For each line in the material below that holds "Kulikovska", copy that line.

## Data shown

******************************

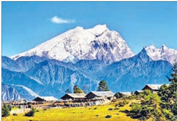
Mt. Khakaborazi in Putao, Kachin State.
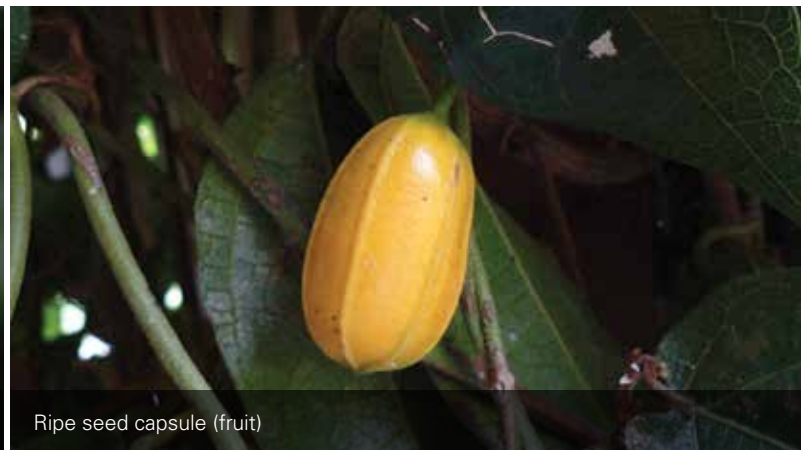
Ripe seed capsule (fruit)
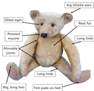
General appearance: lifelike
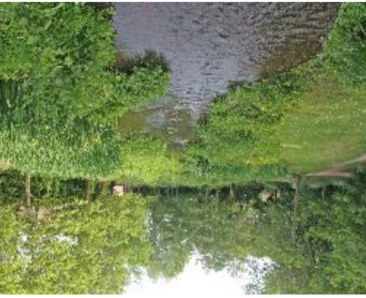
Meades Water Gardens

1, London Road Aylesbury Bucks HP7 0HE 01494 431431 www.foxsoutdoor.co.uk
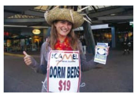
Sam: "No - Why when all my friends are dying and all my kids hate me? I want to have a great life until I am 60 or 70 and then die quickly with a heart-attack."
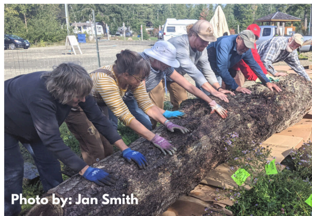
Join the team - Teamwork makes the dream work!
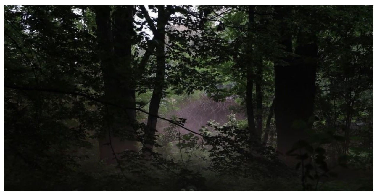
Figure 1.5 Maria Kulikovska, Let Me Say: It's Not Forgotten, 2019, Video Performance, Still, full video available on artist's website, https://www.mariakulikovska.net/en/let-me-say-it-is-not-forgotten.

The viewer is invited reflect on their past and the past of Kulikovska, as indicated by the ongoing presence of the mist and the sounds of birds, that they have now embodied into their own memories. They must decide how they will incorporate the past into their future and the future of those they interact with—a future that is open to numerous possibilities.
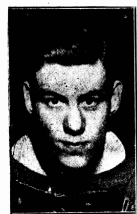
PLAYS FOR CANADIENS OF THE N. H. L.

******************************

## Output
Figure 1.5 Maria Kulikovska, Let Me Say: It's Not Forgotten, 2019, Video Performance, Still, full video available on artist's website, https://www.mariakulikovska.net/en/let-me-say-it-is-not-forgotten.
The viewer is invited reflect on their past and the past of Kulikovska, as indicated by the ongoing presence of the mist and the sounds of birds, that they have now embodied into their own memories. They must decide how they will incorporate the past into their future and the future of those they interact with—a future that is open to numerous possibilities.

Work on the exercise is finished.